The Chair of the Board of Directors for CoDA, H.E. Olusegun Obasanjo, former President of the Federal Republic of Nigeria launched the event by welcoming all participants and reaffirming CoDA’s full support to the advancement of this agenda as well as the AU in general. “It is in this spirit of advancing the continent’s development that we; CoDA, have continually worked as a special initiative of the African Union to effectively expand its space for dialogue on pertinent African issues and the AfCFTA is arguably one of the most pertinent issues currently” said the Chair. He continued on this, stating that the financial welfare of the African people and the clear benefits of the AfCFTA upon its implementation to this effect cannot be overemphasized. He expressed on a positive note that, “given CoDA’s comparative advantage and focus in convening such dialogues, we were pleased to work closely with the Commission in this area”. In his conclusion, he urged all who were present to commit to delivering actionable proposals at the necessary levels on this issue. Proposals which the AUC, RECs and other relevant sectors could put into effect towards efficiently implementing this very vital continental agreement.

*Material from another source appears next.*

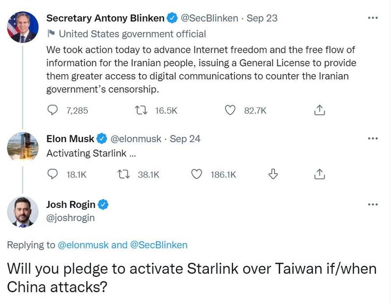 华邮专栏作家罗金(Josh Rogin)在推特PO文,向马斯克及美国国务卿布林肯提问,“倘若中国犯台,你会启动星链助台吗?”(图取自Josh Rogin 推特)

In his opening remarks, the Deputy Chairperson of the AUC, H.E. Thomas Kwesi Quartey highlighted the need for all African stakeholders to support the growth and implementation of the AfCFTA agreement. He further stressed that it has taken Africa more than 50 years to move ahead with something that unites the continent through the AfCFTA. In this regard, he called upon all Africans to play their vital roles in delivering a fully functional free trade area. He added that “the prospects are great; but will not come by themselves. We will need to ensure peace and security, infrastructure and other areas are adequately present to succeed in this endeavor”. The Deputy Chairperson concluded by urging CoDA to continue its commitment to the Commission saying that since CoDA was part of getting the AfCFTA on track, it should also play a role in the implementation.
The AU Commissioner for Trade and Industry, H.E. Albert M. Muchanga echoed this sentiment in his presentation. He added that the AUC would like through these consultations, to get stakeholders views towards strengthening the implementation of the AfCFTA and making it as efficient as it can be. He further highlighted the fact that the Agreement establishing the AfCFTA (expected to enter into force on 30th May 2019), would soon have 54 signatories out of the 55 AU Member States, and currently has 25 ratifications. He gave an overview of the benefits of the agreement saying that the AfCFTA could boost intra-African trade from its current level of 16% to 52% by 2022. He went on to outline specific challenges and opportunities posed by the AfCFTA, which will create more trade than it diverts and generate significant welfare gains for the majority of State Parties.
The one-day Dialogue delivered numerous outcomes which were taken on by the Department of Trade & Industry of the AUC going forward. These include the clear need for private sector involvement in all stages of the AfCFTA processes to ensure smooth operationalization, implementation and monitoring of the AfCFTA; the need for the empowerment of the RECs in order to allow them drive the AfCFTA processes within their respective regions including working with the AUC on achieving the goals of universal signature, ratification and domestication of the AfCFTA Agreement; as well as the understanding by AU Member States and all African stakeholders to promote ‘Made in Africa’ products.